Un modello guinizzelliano è costituito ancora da Io voglio del ver la mia donna laudare [E2]).
Dante però – e si può qui ripetere quanto detto a proposito di Donne ch’avete intelletto d’amore
[G8b] – ha ormai approfondito la tematica della lode inquadrandola in un contesto di epifania sacra
che era estraneo al primo Guido.
Ne fa fede, tra l’altro, l’uso di un termine come «miracolo» (che compare qui per la prima volta
nella Vita nuova). Il «miracolo» consiste nella capacità, propria di Beatrice e di nessun’altra donna,
di creare le condizioni della “gentilezza” anche là dove esse non sussistano per natura. La figura di
Beatrice si presenta dunque (nella prospettiva del poeta e non più solo in quella del narratore) come
dotata di attributi che sono propri di Cristo e capace di compiere azioni “miracolose” nel preciso
senso che esse non sono spiegabili secondo leggi naturali. In questo contesto il poeta insiste, nella
seconda terzina, sull’ineffabilità degli effetti prodotti dal sorriso di Beatrice: essi non sono dicibili e
non possono neanche essere ricordati («mente», come del resto lo stesso Dante chiarisce nella
“divisione” del sonetto che non abbiamo riportato, ha il consueto significato tecnico di “memoria”).

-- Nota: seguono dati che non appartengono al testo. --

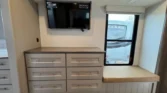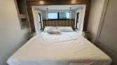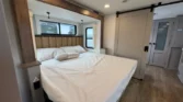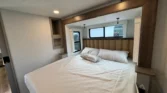The bedroom offers a residential headboard, nightstands, USB charging ports, and underbed storage with gas struts.
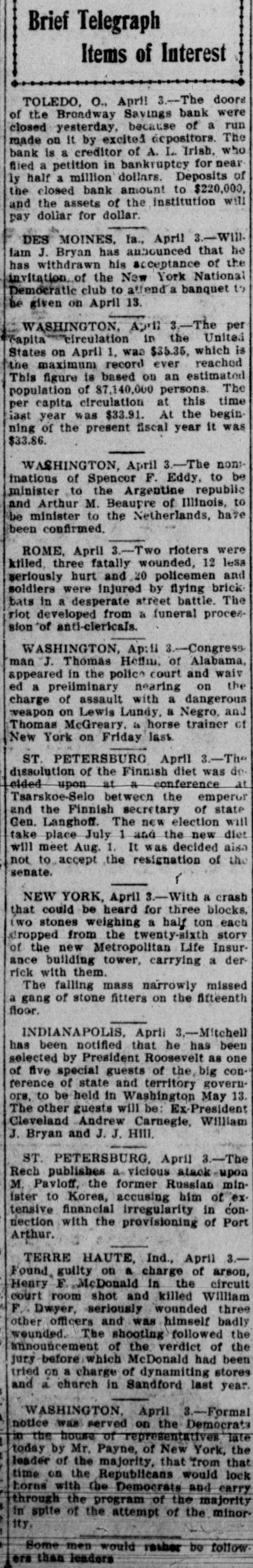 Brief Telegraph Items of Interest TOLEDO, O., April 3.-The doors of the Broadway Savings bank were closed yesterday, because of a run made on it by excited depositors. The bank is a creditor of A. L. Trish, who filed a petition in bankruptcy for near ly half a million dollars. Deposits of the closed bank amount to $220,000, and the assets of the institution will pay dollar for dollar. DES MOINES, la., April 3.-Will. fam J. Bryan has announced that he has withdrawn his acceptance of the invitation of the New York National Democratic club to attenda banquet to be given on April 13. WASHINGTON, April 3.-The per capita circulation in the United States on April 1, was $35.35, which is the maximum record ever reached This figure is based on an estimated population of 87,140,000 persons. The per capita circulation at this time last year was $33.91. At the beginning of the present fiscal year it was $33.86. WASHINGTON, April 3.-The noninations of Spencer F. Eddy, to be minister to the Argentine republic and Arthur M. Beaurre of Illinois, to be minister to the Netherlands, have been confirmed. ROME, April 3.-Two rioters were killed, three fatally wounded, 12 less seriously hurt and 20 policemen and soldiers were injured by flying brick bats in a desperate street battle. The riot developed from a funeral procession of anti-clericals. WASHINGTON, Ap:11 3.-Congress man J. Thomas Heffin. of Alabama, appeared in the police court and waiv ed a preliminary hearing on the charge of assault with a dangerous weapon on Lewis Lundy, a Negro, and Thomas McGreary. is horse trainer of New York on Friday last. ST. PETERSBURG April 3.-The dissolution of the Finnish diet was de cided upon at # conference at Tsarskoe-Selo between the emperor and the Finnish secretary of state Gen. Langhoff. The new election will take place July 1 and the new diet will meet Aug. 1. It was decided aisa not to accept the resignation of the senate. r NEW YORK, April 3.-With a crash that could be heard for three blocks, two stones weighing a half ton each dropped from the twenty-sixth story of the new Metropolitan Life Insurance building tower, carrying a derrick with them. The falling mass narrowly missed a gang of stone fitters on the fifteenth floor. INDIANAPOLIS, April 3.-Mitchell has been notified that he has been selected by President Roosevelt as one of five special guests of the, big conrerence of state and territory governors, to be held in Washington May 13. The other guests will be: Ex-President Cleveland Andrew Carnegie, William J. Bryan and J. J. Hill, ST. PETERSBURG, April 3.-The Rech publishes a. vicious atack upon M. Pavloff, the former Russian minlater to Korea, accusing him of extensive financial irregularity in connection with the provisioning of Port Arthur. TERRE HAUTE, Ind., April 3.Found guilty on a charge of arson, Henry F. McDonald in the circuit court room shot and killed William F Dwyer, seriously wounded three other officers and was himself badly wounded. The shooting followed the announcement of the verdict of the jury before which McDonald had been tried on a charge of dynamiting stores and a church in Sandford last year. WASHINGTON, April 3.-Formal notice was served on the Democrats in the house of representatives late today by Mr. Payne, of New York, the
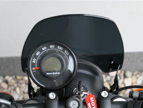 Retro tachometr v kombinaci s digitálním LCD displejem nabízí všechny potřebné informace přehledně a stylově. Přístrojový panel je navíc kompatibilní s navigací Royal Enfield Tripper (volitelné příslušenství).

Dante recupera qui temi più propriamente cavalcantiani (come l’ineffabilità della bellezza
femminile e l’incapacità della «mente» di comprenderla [E7]). Ma completamente diversi sono i
presupposti filosofici della lirica dantesca. Lo testimonia, tra l’altro, il nuovo significato che egli
conferisce a un termine quanto mai tradizionale della lirica amorosa come il «sospira» di v. 5, che
non è qui connesso con un generico turbamento da parte dell’amante, ma con la coscienza, che
nasce nell’animo del peccatore, della propria imperfezione spirituale. I materiali della lirica cortese
si fondono dunque con quelli della cultura cristiana, con i quali sono giunti a una sintesi organica
mai raggiunta dagli autori precedenti.